Involvement of AMP-activated protein kinase in thrombin-stimulated interleukin 6 synthesis in osteoblasts

• Published in: Journal of molecular endocrinology Vol. 49; no. 1; pp. 47 - 55
• Main Authors: Tokuda, H, Kato, K, Natsume, H, Kondo, A, Kuroyanagi, G, Matsushima-Nishiwaki, R, Ito, Y, Otsuka, T, Kozawa, O
• Format: Journal Article
• Language: English
• Published: England Society for Endocrinology 01.08.2012
• Subjects: Acetyl-CoA Carboxylase - metabolism; AMP-Activated Protein Kinases - genetics; AMP-Activated Protein Kinases - metabolism; Animals; Bone Morphogenetic Protein 2 - metabolism; Cell Line; Gene Silencing; Interleukin-6 - biosynthesis; Interleukin-6 - genetics; JNK Mitogen-Activated Protein Kinases - metabolism; Mice; Mitogen-Activated Protein Kinase 1 - metabolism; Osteoblasts - drug effects; Osteoblasts - metabolism; p38 Mitogen-Activated Protein Kinases - metabolism; Phosphorylation - drug effects; Pyrazoles - pharmacology; Pyrimidines - pharmacology; Regular papers; Thrombin - pharmacology; Transcription, Genetic - drug effects
• ISSN: 0952-5041; 1479-6813
• DOI: 10.1530/JME-11-0165

We previously demonstrated that thrombin stimulates synthesis of interleukin 6 (IL6), a potent bone resorptive agent, in part via p44/p42 MAP kinase and p38 MAP kinase but not through stress-activated protein kinase/c-Jun N-terminal kinase (SAPK/JNK) among the MAP kinase superfamily in osteoblast-like MC3T3-E1 cells. In this study, we investigated the involvement of AMP-activated protein kinase (AMPK), a regulator of energy metabolism, in thrombin-stimulated IL6 synthesis in MC3T3-E1 cells. The phosphorylation of p44/p42 MAP kinase, p38 MAP kinase, SAPK/JNK, or AMPK was determined by western blot analysis. The release of IL6 was determined by the measurement of IL6 concentration in the conditioned medium using an ELISA kit. The expression of IL6 mRNA was determined by RT-PCR. Thrombin time dependently induced the phosphorylation of AMPK α-subunit (Thr-172).
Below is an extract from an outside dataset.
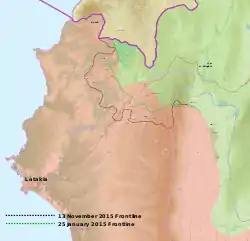 The following day, the military expanded its control from Salma, capturing Mrouniyah and Marj Khawkha.[118] By 15 January, they took control of another six villages as rebel defenses collapsed.[119][120][121]
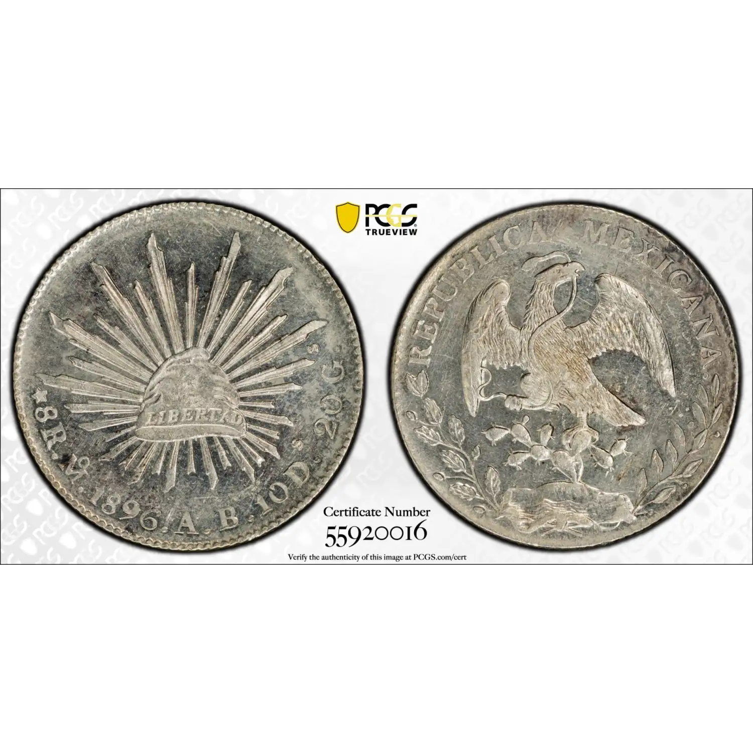 1896-Mo AB Mexico Silver 8 Reales PCGS UNC Details (cleaned) - Mo83, KM-377.10

Compound C, an inhibitor of AMPK, dose-dependently suppressed the thrombin-stimulated IL6 release in the range between 0.3 and 10 μM. Compound C reduced thrombin-induced acetyl-CoA carboxylase phosphorylation. The IL6 mRNA expression induced by thrombin was markedly reduced by compound C. Downregulation of AMPK by siRNA suppressed the thrombin-stimulated IL6 release. The thrombin-induced phosphorylation of p44/p42 MAP kinase and p38 MAP kinase was inhibited by compound C, which failed to affect SAPK/JNK phosphorylation. These results strongly suggest that AMPK regulates thrombin-stimulated IL6 synthesis via p44/p42 MAP kinase and p38 MAP kinase in osteoblasts.